A presença crescente de micotoxinas — substâncias tóxicas produzidas por fungos em grãos e forragens — vem preocupando pesquisadores e produtores de todo o mundo. Essas toxinas, que podem surgir tanto no campo quanto durante o armazenamento, comprometem a saúde animal, causam perdas produtivas e, em casos severos, levam à mortalidade. Recentemente, no The World Mycotoxin Forum, realizado na Áustria, cientistas revelaram que já foram identificados mais de 700 tipos diferentes de micotoxinas — um aumento significativo em relação às cerca de 600 anteriormente conhecidas.

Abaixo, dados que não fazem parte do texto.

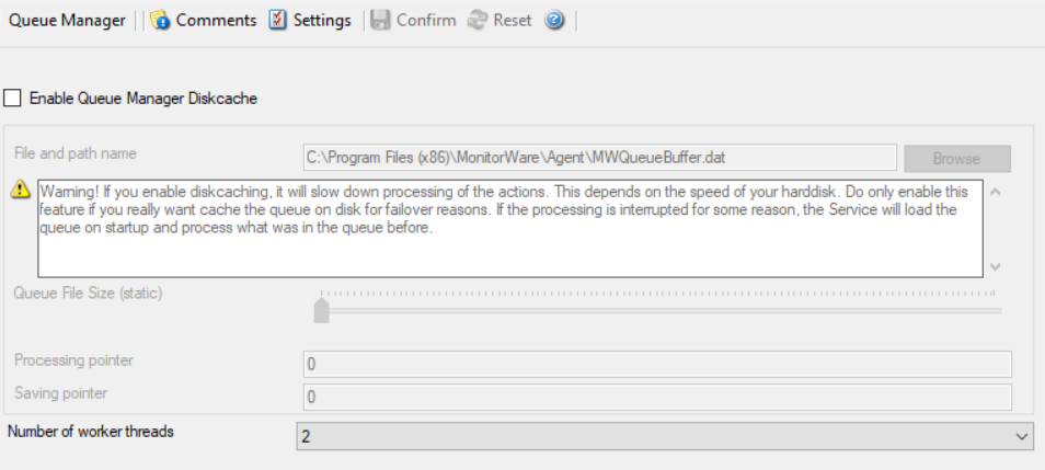 The diskcache will not cache infounits from services like EventLog Monitor, as this kind of Service only continues if the actions were successfully. All other information sources like the Syslog server will cache its messages in this file. If the Service or Server crashes for some reason, the queue will be loaded automatically during next startup of the Agent. So messages which were in the queue will not be lost. Only the messages which was currently processed during the crash will be lost.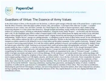 Guardians of Virtue: The Essence of Army Values. (2024, Jan 09). Retrieved from https://hub.papersowl.com/examples/guardians-of-virtue-the-essence-of-army-values/

Impactos das mudanças climáticas e contexto global

Daniel Miranda, zootecnista e gerente Técnico Global de Micotoxinas da Trouw Nutrition, explica que a maior incidência e a diversidade das micotoxinas estão diretamente ligadas às mudanças climáticas e a fatores globais. “Tudo que estressa o fungo — muita ou pouca umidade, queimadas, ou até mesmo eventos geopolíticos, como a guerra na Ucrânia — pode estimular a produção dessas toxinas”, destaca Miranda. Ele ressalta que esses fatores tornam os desafios para o controle das micotoxinas mais complexos e aumentam a demanda por pesquisas e novas estratégias.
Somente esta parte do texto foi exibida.